The financial arrangement inherent in the GSAP concept starts from the assumption of a fixed monthly rent rate for the graduate units–revenue which those units’ micro design maximizes on a per square foot basis–and then uses a flexible pro-forma development model to identify areas where direct financial participation from the universities and/or other types of public or private subsidization might be needed to ensure the project’s financial feasibility.
In this model not every unit in the project is considered graduate housing and the financial feasibility relies on intradevelopment cross-subsidization where the market rate units subsidize the graduate units (or vice versa revenue depending on prevailing market conditions on a given development site). The urban environment used to illustrate the GSAP concept in Davis’ thesis is Boston, a city in which private developments master leased by institutions is not a new concept. Northeastern University's East Village, for example, is a dormitory which was privately developed by Phoenix Property Company.

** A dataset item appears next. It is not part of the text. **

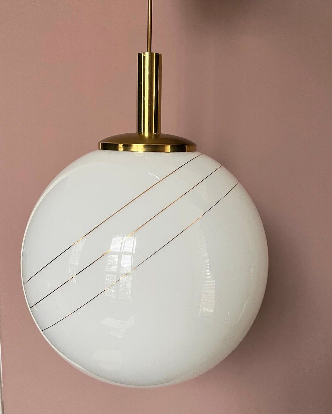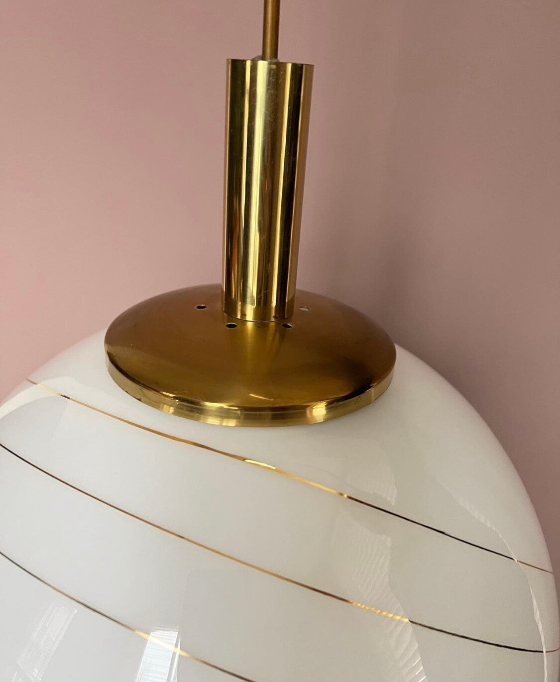 Prachtige bol hanglamp uit de sixties met goudkleurige biezen erop. Ook de afdekplaat is goudkleurigDe glazen globe verkeert in een mooie staat ෆ

Davis’ prototypical GSAP is designed on the vacant, publicly owned Parcel 9 in Boston and on an adjacent privately owned parcel, both of which are located walking distance from Northeastern University and public transportation. The number of micro apartments is fixed at 102. Seventy of these units were designed to be 398-square-foot studios; 12 are studio-plus units where two units share a common area; and the others are 827-square-foot three bedroom units.
Based on rents paid by graduate students at a Boston University facility located nearby, it is estimated that the graduate units would rent for $900 a month per student. For comparison, prevailing market rate rents for a studio would be closer to $1,600 a month.